**The records**
━━━━━━━━━━━━━━━━
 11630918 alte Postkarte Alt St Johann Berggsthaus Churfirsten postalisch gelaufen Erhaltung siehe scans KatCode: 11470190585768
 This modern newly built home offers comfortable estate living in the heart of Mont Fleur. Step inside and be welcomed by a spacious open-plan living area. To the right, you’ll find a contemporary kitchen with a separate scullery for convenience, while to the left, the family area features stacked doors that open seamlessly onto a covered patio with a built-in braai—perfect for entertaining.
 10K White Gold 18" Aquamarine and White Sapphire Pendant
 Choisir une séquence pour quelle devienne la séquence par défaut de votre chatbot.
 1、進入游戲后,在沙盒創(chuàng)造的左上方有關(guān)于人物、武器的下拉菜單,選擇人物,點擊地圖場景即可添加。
━━━━━━━━━━━━━━━━
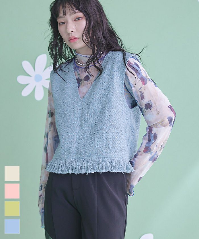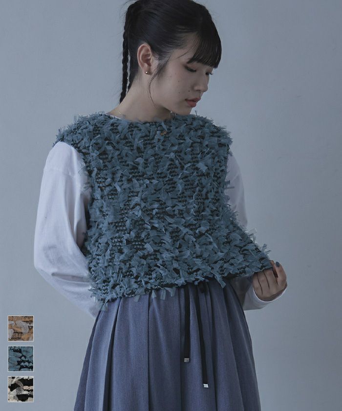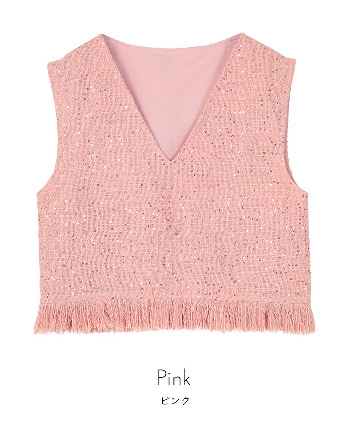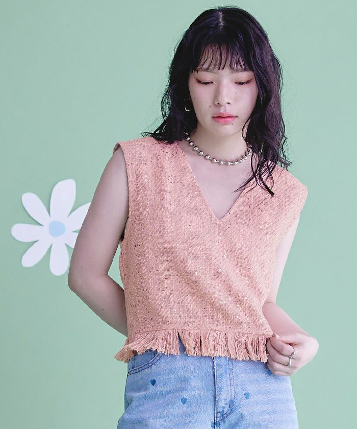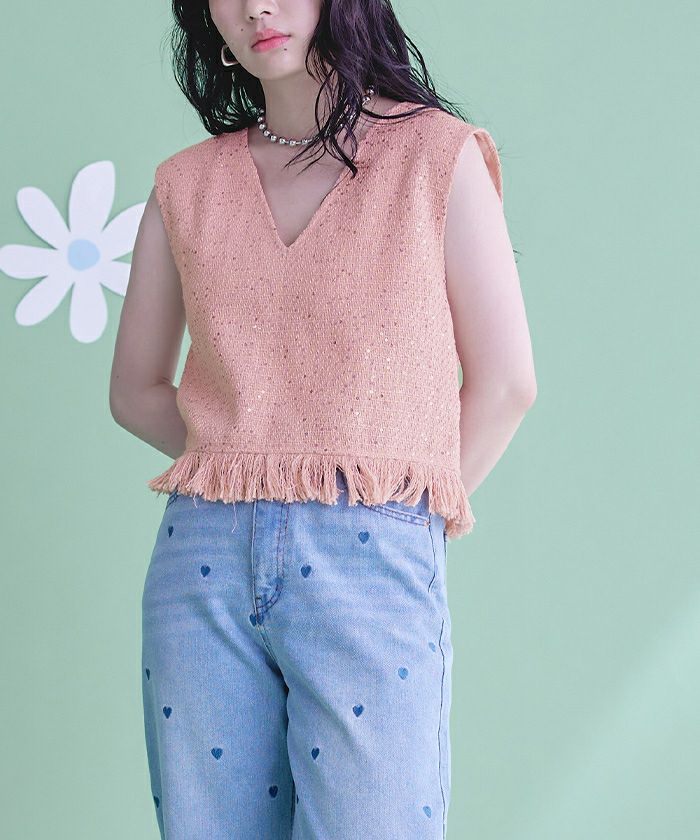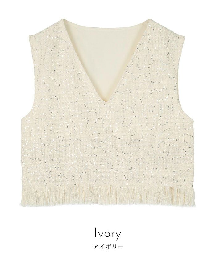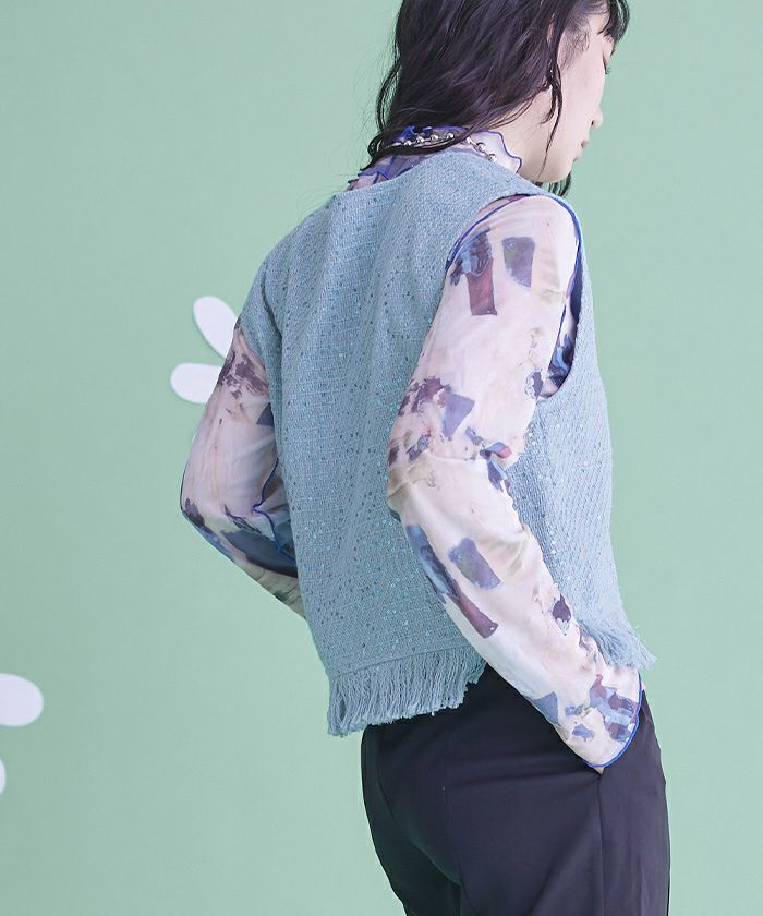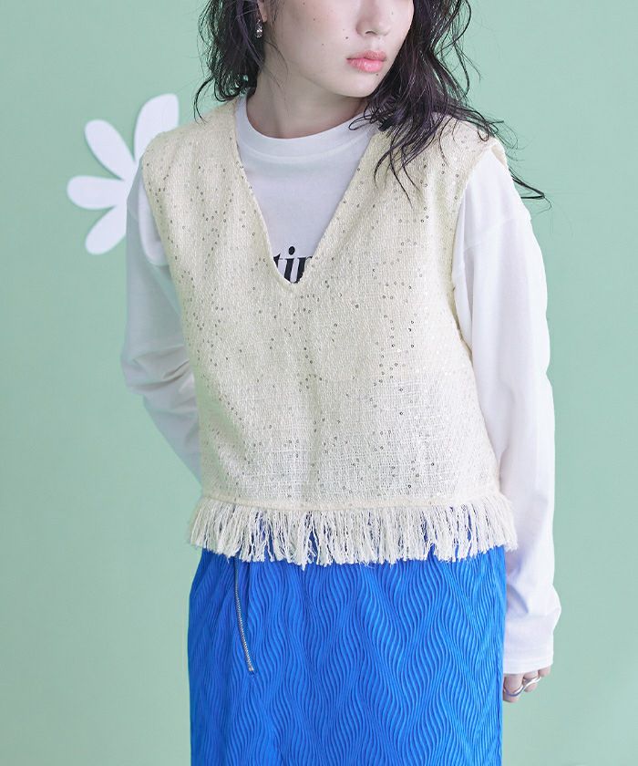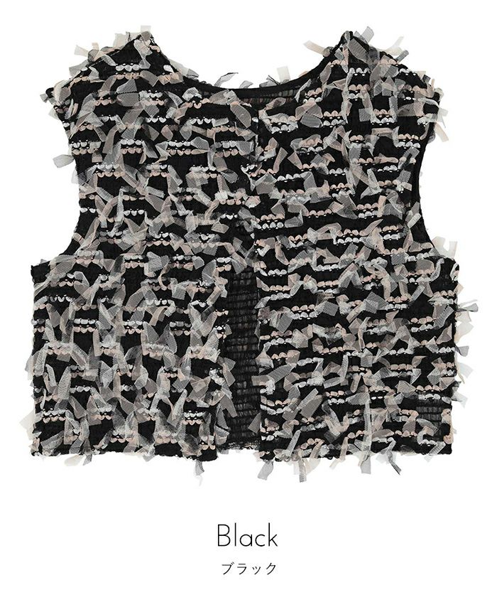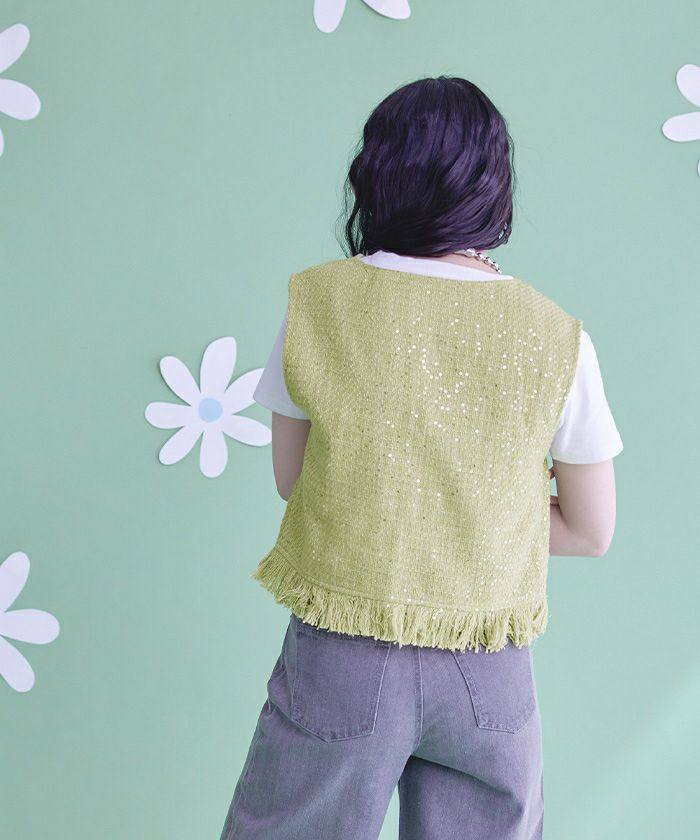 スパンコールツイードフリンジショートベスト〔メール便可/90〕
━━━━━━━━━━━━━━━━
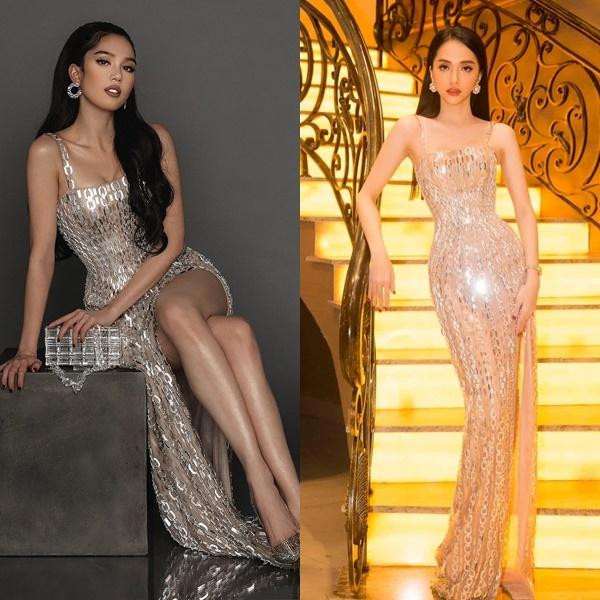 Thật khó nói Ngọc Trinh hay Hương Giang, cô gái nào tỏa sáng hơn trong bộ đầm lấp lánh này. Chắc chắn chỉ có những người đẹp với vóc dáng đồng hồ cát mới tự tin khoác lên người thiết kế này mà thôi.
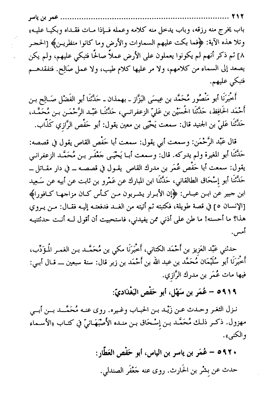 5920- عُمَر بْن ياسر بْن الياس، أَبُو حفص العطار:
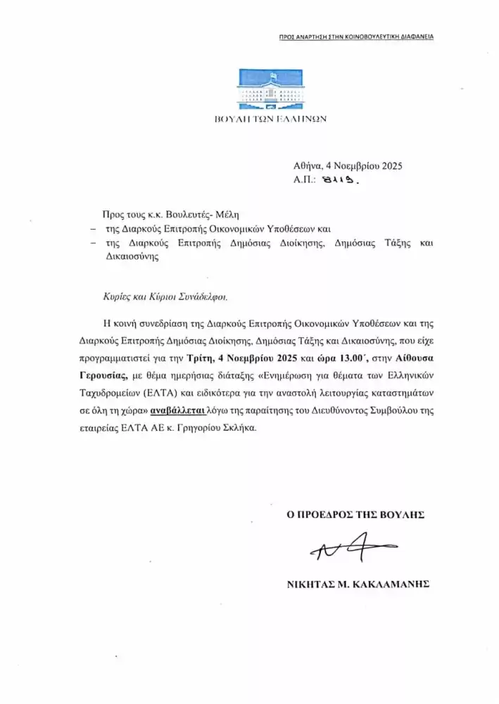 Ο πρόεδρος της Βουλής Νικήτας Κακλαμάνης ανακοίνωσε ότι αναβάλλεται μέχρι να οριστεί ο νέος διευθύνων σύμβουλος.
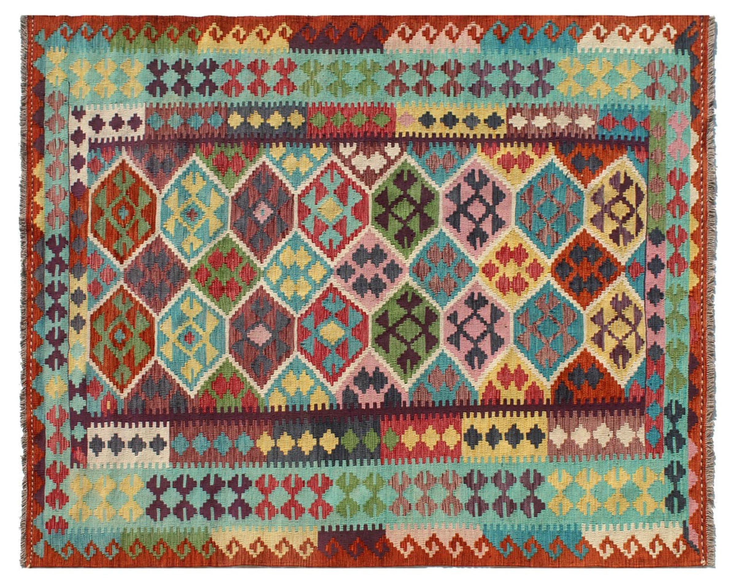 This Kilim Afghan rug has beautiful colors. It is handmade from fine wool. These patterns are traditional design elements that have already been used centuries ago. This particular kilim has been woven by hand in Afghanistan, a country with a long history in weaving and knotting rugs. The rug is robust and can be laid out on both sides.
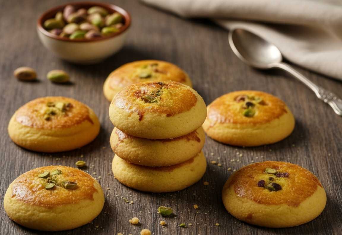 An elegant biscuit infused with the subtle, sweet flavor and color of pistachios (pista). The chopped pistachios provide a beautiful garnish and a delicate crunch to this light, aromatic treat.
━━━━━━━━━━━━━━━━
In the listing above, find the line containing "Thật khó nói" and the line containing "This Kilim Afghan"; print those lines and every line between them exactly, leaving out pictures.

 Thật khó nói Ngọc Trinh hay Hương Giang, cô gái nào tỏa sáng hơn trong bộ đầm lấp lánh này. Chắc chắn chỉ có những người đẹp với vóc dáng đồng hồ cát mới tự tin khoác lên người thiết kế này mà thôi.
 5920- عُمَر بْن ياسر بْن الياس، أَبُو حفص العطار:
 Ο πρόεδρος της Βουλής Νικήτας Κακλαμάνης ανακοίνωσε ότι αναβάλλεται μέχρι να οριστεί ο νέος διευθύνων σύμβουλος.
 This Kilim Afghan rug has beautiful colors. It is handmade from fine wool. These patterns are traditional design elements that have already been used centuries ago. This particular kilim has been woven by hand in Afghanistan, a country with a long history in weaving and knotting rugs. The rug is robust and can be laid out on both sides.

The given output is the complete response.